* Recorded information:
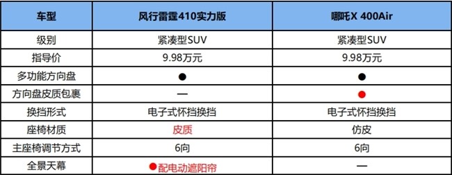 不難看出,在內飾上,風行雷霆410實力版的用料更足,帶來了比哪吒X 400Air更強的高級感。
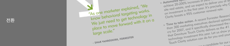 Omniture는 이러한 목적을 달성하기 위해 최상의 아이디어를 신속하게 테스트하고 지능적으로 고객을 타케팅함으로써 최고의 온라인 경험을 제공하는 제품들을 보유하고 있습니다.
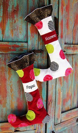 Make whimsical Polka Dot Elf Stockings with this quilted stockings pattern that looks just like an elf slipper! Bright appliqued polka dots, and embroidered name strip, and a leopard print ruffle embellish this fun Christmas stocking.
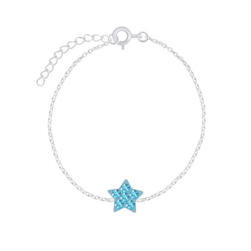 Sterling zilver 925 ster armband met kristal blauw Grootte ster: 6.5 mm x 6.5 mm Materiaal: Sterling zilver 925 Bewerking: E-Coat Lengte armband: 1...
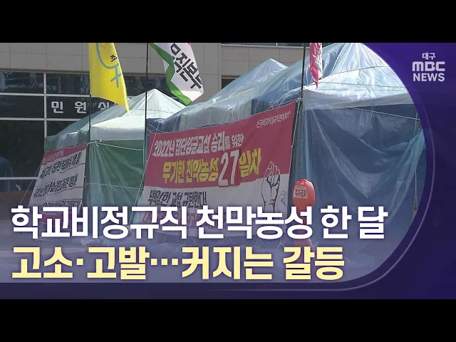 ◀앵커▶학교비정규직노조가 저임금체계 개편과 복리후생 개선을 요구하며 대구시교육청에서 천막농성에 들어간 지 한 달이 다 돼 갑니다.하지만 좀처럼 교섭에 진전이 보이지 않습니다. 오히려 물리적 충돌이 발생해 고소·고발로 이어지며 갈등의 골만 더 깊어지고 있는데요, 새 학기 개학은 다가오는데 더 큰 혼란으로 이어...
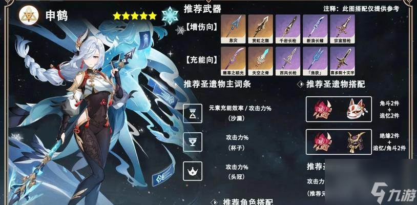 在圣遗物搭配上,建议选择以提升火元素伤害和暴击率为主要属性的圣遗物。适当提升暴击伤害也是不错的选择。同时,也可以考虑搭配一些增加元素充能效果的圣遗物,以减少申鹤技能和元素爆发的冷却时间。
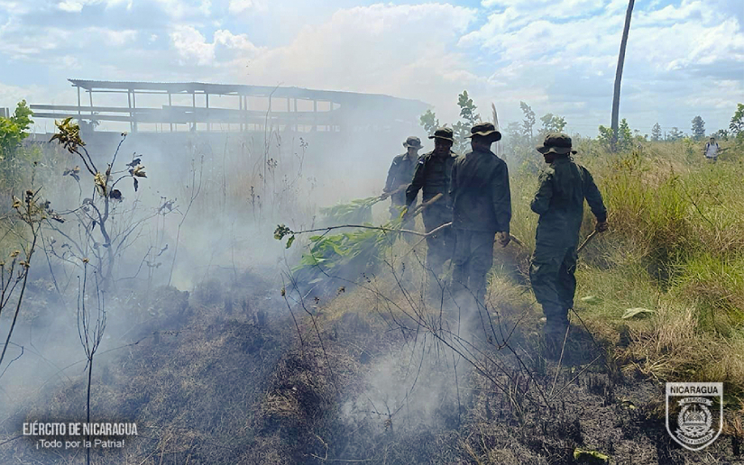 El Ejército de Nicaragua consecuente con el lema de que “Somos el Pueblo mismo uniformado trabajando en su propio beneficio”, el 22 de marzo de 2025, a través del Batallón Ecológico “BOSAWAS”, participó en sofocación de incendio agropecuario en el barrio Los Pinos, comunidad de Alamikamba, municipio de Prinzapolka, Región Autónoma de la Costa Caribe Norte, logrando extinguir un fuego en un área de 2 manzanas de maleza.
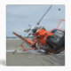 A US Coast Guard MH-65 Dolphin helicopter lays on its side after it crashed at the Arcata Airport during a training mission
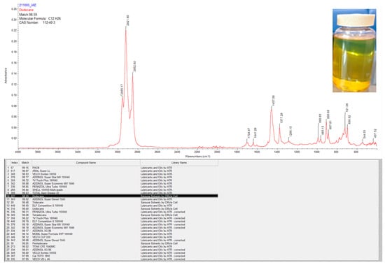 In the system for the arc plasma reaction experiment, gaseous nitrogen for arc plasma discharge and methane for reaction was quantitatively supplied by a Mass Flow Controller (MFC, Brooks). Figure 2 is the result of the FT-IR analysis of a typical waste plastic pyrolysis oil, and it can be seen that the oil is mainly composed of C9–C12 hydrocarbons. Therefore, in order to model the waste plastic pyrolysis oil, dodecane (C12H26, Sigma Aldrich, St. Louis, MO, USA), one of the main components of the pyrolysis oil, was chosen as a liquid fuel.
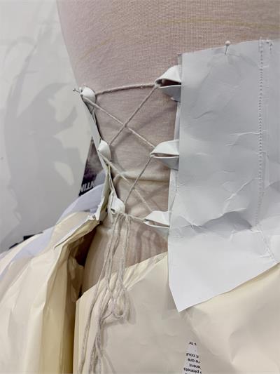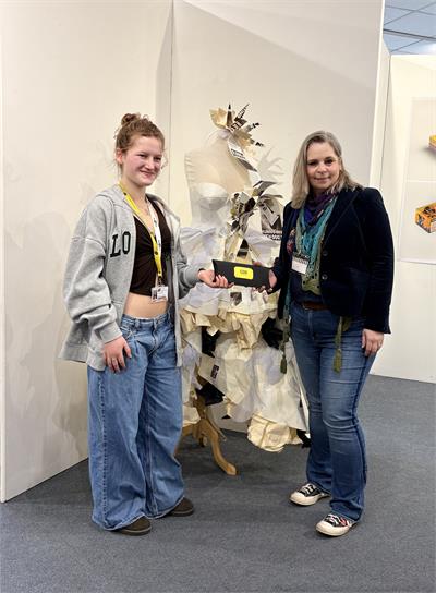 The winning entry was Ava Harrison’s striking Paper Dress, a visually powerful piece that demonstrates both technical skill and artistic vision. Ava used thicker Buckram embossed Lessebo Design Smooth White for the corset, carefully seaming each section and incorporating a clever laced back fastening. Printed textures, layered torn papers and crumpled sheets in cream, white and black were used to construct the skirt, creating movement, depth and drama. The muted colour palette brings cohesion and maximum visual impact to the piece.

* Aim of the task: Please repeat the lines above from the line containing "큰 혼란으로 이어..." through the final line, both included, exactly as they stand and without pictures.

* Answer to the exercise:
 ◀앵커▶학교비정규직노조가 저임금체계 개편과 복리후생 개선을 요구하며 대구시교육청에서 천막농성에 들어간 지 한 달이 다 돼 갑니다.하지만 좀처럼 교섭에 진전이 보이지 않습니다. 오히려 물리적 충돌이 발생해 고소·고발로 이어지며 갈등의 골만 더 깊어지고 있는데요, 새 학기 개학은 다가오는데 더 큰 혼란으로 이어...
 在圣遗物搭配上,建议选择以提升火元素伤害和暴击率为主要属性的圣遗物。适当提升暴击伤害也是不错的选择。同时,也可以考虑搭配一些增加元素充能效果的圣遗物,以减少申鹤技能和元素爆发的冷却时间。
 El Ejército de Nicaragua consecuente con el lema de que “Somos el Pueblo mismo uniformado trabajando en su propio beneficio”, el 22 de marzo de 2025, a través del Batallón Ecológico “BOSAWAS”, participó en sofocación de incendio agropecuario en el barrio Los Pinos, comunidad de Alamikamba, municipio de Prinzapolka, Región Autónoma de la Costa Caribe Norte, logrando extinguir un fuego en un área de 2 manzanas de maleza.
 A US Coast Guard MH-65 Dolphin helicopter lays on its side after it crashed at the Arcata Airport during a training mission
 In the system for the arc plasma reaction experiment, gaseous nitrogen for arc plasma discharge and methane for reaction was quantitatively supplied by a Mass Flow Controller (MFC, Brooks). Figure 2 is the result of the FT-IR analysis of a typical waste plastic pyrolysis oil, and it can be seen that the oil is mainly composed of C9–C12 hydrocarbons. Therefore, in order to model the waste plastic pyrolysis oil, dodecane (C12H26, Sigma Aldrich, St. Louis, MO, USA), one of the main components of the pyrolysis oil, was chosen as a liquid fuel.
 The winning entry was Ava Harrison’s striking Paper Dress, a visually powerful piece that demonstrates both technical skill and artistic vision. Ava used thicker Buckram embossed Lessebo Design Smooth White for the corset, carefully seaming each section and incorporating a clever laced back fastening. Printed textures, layered torn papers and crumpled sheets in cream, white and black were used to construct the skirt, creating movement, depth and drama. The muted colour palette brings cohesion and maximum visual impact to the piece.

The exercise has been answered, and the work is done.